==== Provided data
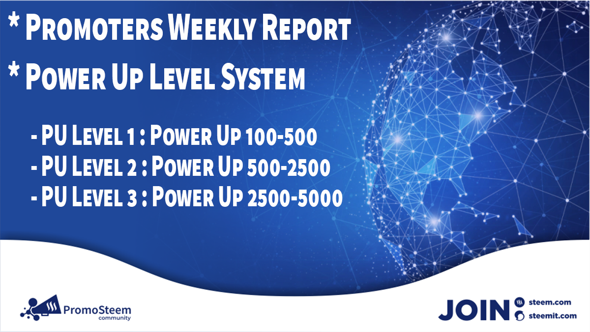 Reports from the promoters will be published every Saturday on each promoter's account about the development of users from their country, and in this report, the users' commitment to power ups and assessing how users carry out promosteem activities will also be displayed.
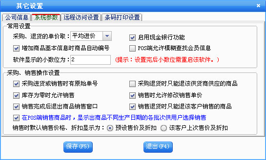 '系统参数'页中主要设置与本系统有关的一些设置,可以根据需要进行不同的设置。
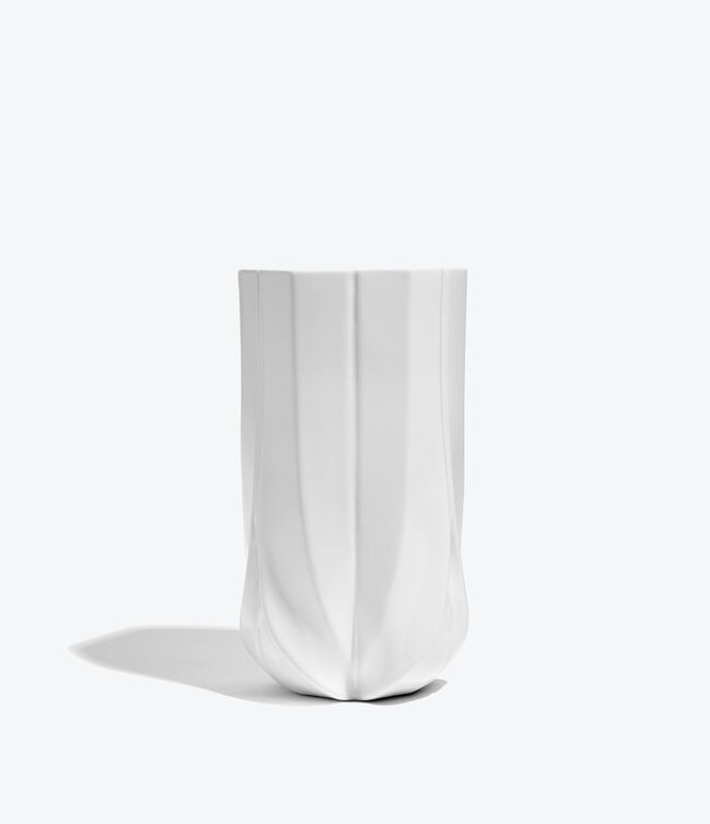 BRAID Vase - in porcelain with a gloss finish - a complex geometry defined by a distinct base that weaves in an upward motion.
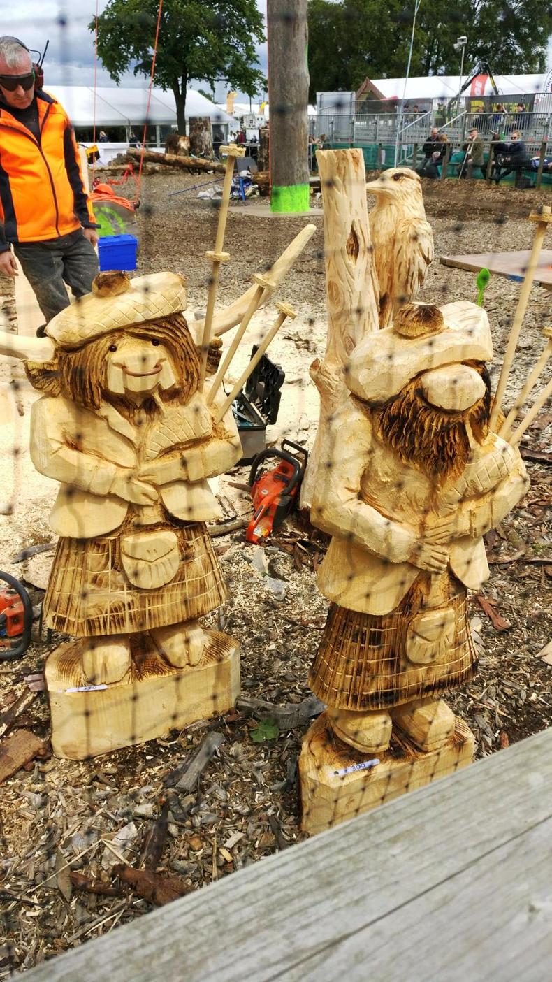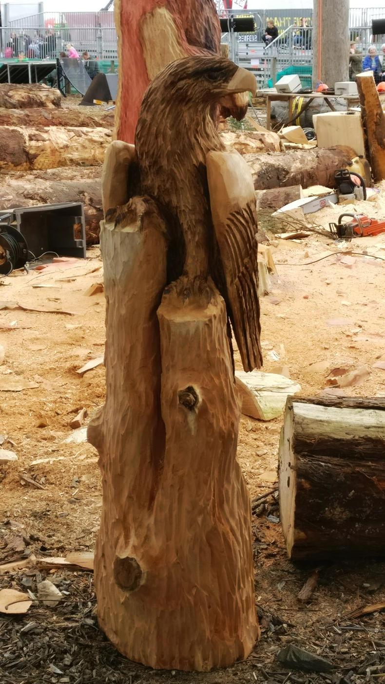 He has been carving for 15 years now and demonstrates the craft with two others at the show. The demos take place for an hour in the morning and an hour in the evening, as well as filling in time between other forestry demos. They sand and burn their carvings in between times to get them finished and be able to sell them at the show itself.
========
## Work task
The data above, line by line: transcribe it exactly and drop the pictures.

## Written response
 Reports from the promoters will be published every Saturday on each promoter's account about the development of users from their country, and in this report, the users' commitment to power ups and assessing how users carry out promosteem activities will also be displayed.
 '系统参数'页中主要设置与本系统有关的一些设置,可以根据需要进行不同的设置。
 BRAID Vase - in porcelain with a gloss finish - a complex geometry defined by a distinct base that weaves in an upward motion.
 He has been carving for 15 years now and demonstrates the craft with two others at the show. The demos take place for an hour in the morning and an hour in the evening, as well as filling in time between other forestry demos. They sand and burn their carvings in between times to get them finished and be able to sell them at the show itself.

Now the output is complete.